Abstract

Cerebrovascular malformations include a broad spectrum of intracranial blood vessel disorders, involving the arterial wall, capillary bed, venous and lymphatic systems. Their main associated risks are intracerebral hemorrhage, seizures and focal neurological deficits. We carried out a retroprospective study over a period of 45 months (3 years and 9 months), ranging from April 01, 2018 to December 31, 2021; from the files of patients referred for magnetic resonance imaging (MRI) or CT scan cerebral exploration in the context of neurological symptomatology or as part of an assessment carried out for other medical or surgical purposes, with as judgment criterion the demonstration of a cerebrovascular malformation. We collected fifty-three (53) patients, with an average age of 47 years old and as extremes ages 18 years old and 70 years old. We noted a female predominance with a sex ratio of 1.7 in favor of female sex. The most of patients were explored with MRI in 85% of cases. Our patient history was dominated by arterial hypertension in 20% of cases and hemorragic stroke in 12% of cases. The symptomatology presented by the patients was mainly represented by headache and epileptic seizures in 20% of cases each, dizziness in 15% of cases. The cerebrovascular malformations were dominated by cavernomas in 54% of cases (complicated of bleeding in 27% of cases). Other cerebrovascular malformations were : aneurysm: 19%, arteriovenous malformations: 15% and developmental venous abnormalities in 12% of cases. MRI and CT scans are very important radiological modalities for diagnosing malformative cerebral vascular abnormalities. Their discovery is more often made during a radiological assessment motivated by another cause.

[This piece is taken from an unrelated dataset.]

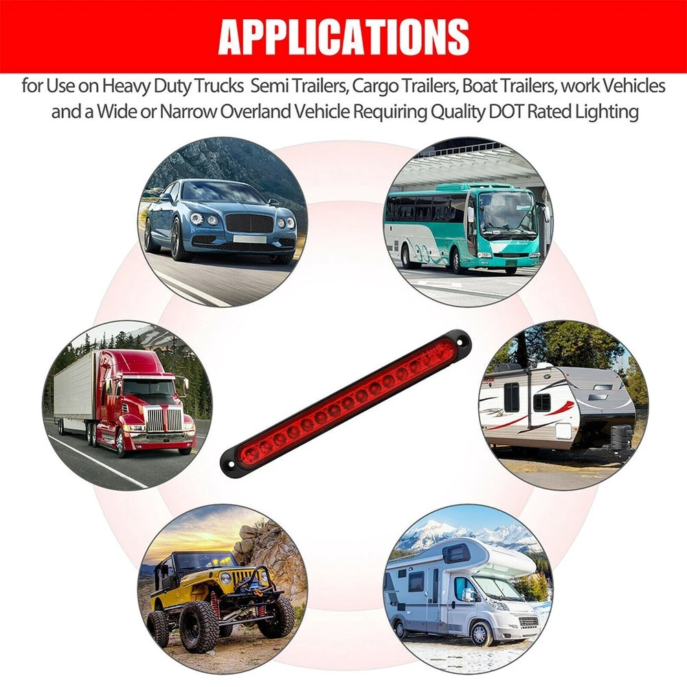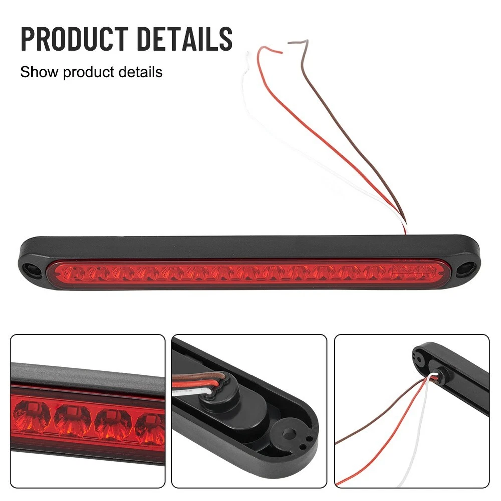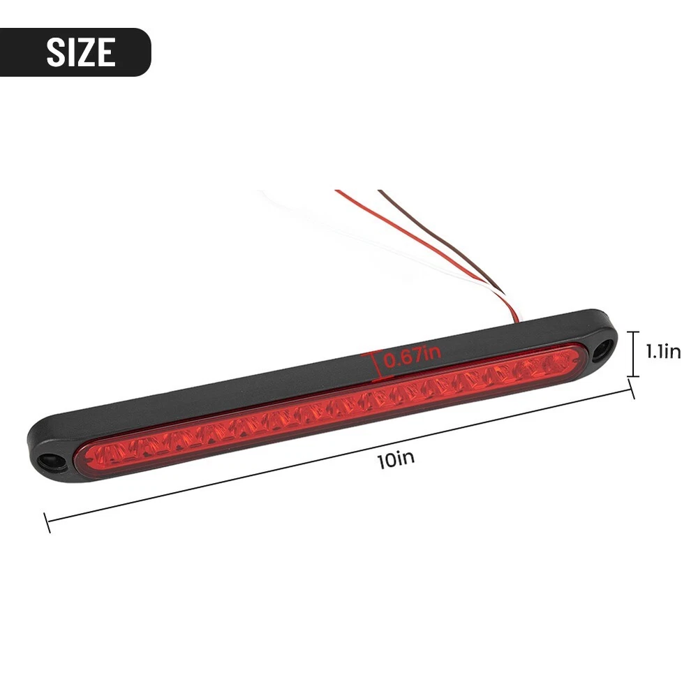 Red LED Stop Turn Tail Light Bar for Trucks Trailers Slim Waterproof 15 LEDs DESCRIPTION Features: *Ultra-slim line LED strip signal lamp. *Brighter than conventional incandescent . *Multi-volt 10-30V DC input & low current draw. *100,000 hour LED life span with solid state technology. *Waterproof and dust-proof. *Simple mount design. *Designed for applications where space is at a premium, they deliver the durability of maintenance LED technology and greater visibility providing increased safety. Description: *Functions as clearance, side marker or identification light, stop, turn, tail and brake light. *Product Name: LED Tail Light *Condition: Brand New *LED Light Color: Red *Voltage: 10-30V *IP Rate: IP 67 *Size: Length:25cm (length) x2.75cm (width) x1.6cm (depth) Purely Manual *Measurement, There May Be an Error of -3 Cm, Please Forgive Me. *Material: Sealed polycarbonate lens *Number of LED’s: 15pcs Wire Connection: .White Wire - Negative 2.Red Wire - Stop Light 3.Brown Wire - Tail Light Package Contents: * LED Tail Light Note: . The real color of the item may be slightly different from the pictures shown on website caused by many factors such as brightness of your monitor and light brightness. 2. Please allow slight manual measurement deviation for the data. POLICES Shipping Payment WARRANTY We only ship to confirmed Paypal addresses. Please comfirm that your paypal address is in line with your shipping address. Please kindly note that the c ombined shipping is not provided because the shipping fee is calculated by weight. Also, the each additional item means exactly the the same color and size. It takes about 7 -15 working days to US; about 10-30 working days to other countries. Transit time may be a little delayed because of the bad weather and customs inspection . If you do not receive your item within 30 working days since payment finished, please contact us immediately for further assistance. We accept payment via Paypal only. Payment must be made within 5 days, Non-payment may result in an UPI (Unpaid Item), eBay will automatically close your account if you accumulate 4 UPI's total. Import cutoms duties or taxes which are not included in item price, if any, are on buyer's responsibility. You can check with your local customs office for further information prior to bidding/buying. We strive for 100% customer satisfaction! Positive Feedback is very important to us. If you have any questions, p lease feel free to contact us via "Ask seller a question" . We will reply your email within 24 working hours.

Keywords: Cerebrovascular; Malformation; Revelation; Adults; MRI; CT scan.

Citation: Ndayishimiye V, Sabiri M, Jbara O, Banao M, Labied M, et al. Cerebrovascular malformations in adults: What mode of revelation? About 53 cases. J Clin Images Med Case Rep. 2022; 3(6): 1888.

Introduction

Cerebrovascular malformations include a broad spectrum of intracranial blood vessel disorders, involving the arterial wall, capillary bed, venous and lymphatic systems. Their main associated risks are intracerebral hemorrhage, seizures and focal neurological deficits.

The goals of our study are :
-To show the radiological characteristics in magnetic resonance imaging (MRI) and computed tomography of cerebrovascular malformations in adults, symptomatic or not.
- Enlighten clinicians on the type of the lesions.

Materials and methods

We carried out a retroprospective study over a period of 45 months (3 years and 9 months), ranging from April 01, 2018 to December 31, 2021 from the files of patients referred for MRI or CT scan cerebral exploration in the context of a neurological symptomatology or as part of an assessment carried out for other medical or surgical purposes.

The judgment criterion was the demonstration of a cerebrovascular malformation, whether or not it is related to the patient’s clinical symptomatology.

Data processing were performed using Excel software.

Figure 1: Distribution of patients by history.

Figure 2: Distribution of patients by symptomatology.

Figure 3: Distribution of patients by type of cerebrovascular malformation.

Results

- Fifty-three (53) patients were collected.

- Average age: 47 years old, with the extremes of 18 years old and 70 years old.

- Gender: 34 women and 19 men.

- Exploration method: MRI n = 45, CT scan :8

Discussion

The classification of cerebrovascular malformations distinguishes between arteriovenous malformations (with plexiform nidus or with arteriovenous fistula), cavernous angiomas, capillary telangiectasias and venous development abnormalities (venous angiomas) [1]

The clinical manifestations of cerebrovascular malformations can be defined empirically, including clinical penetrance (in familial cases), age at clinical presentation, symptomatic presentation (accidental; headache or nonspecific symptoms; convulsions; hemorrhage; focal deficits, frequently by epilepsy). Non-neurological manifestations include skin lesions [2].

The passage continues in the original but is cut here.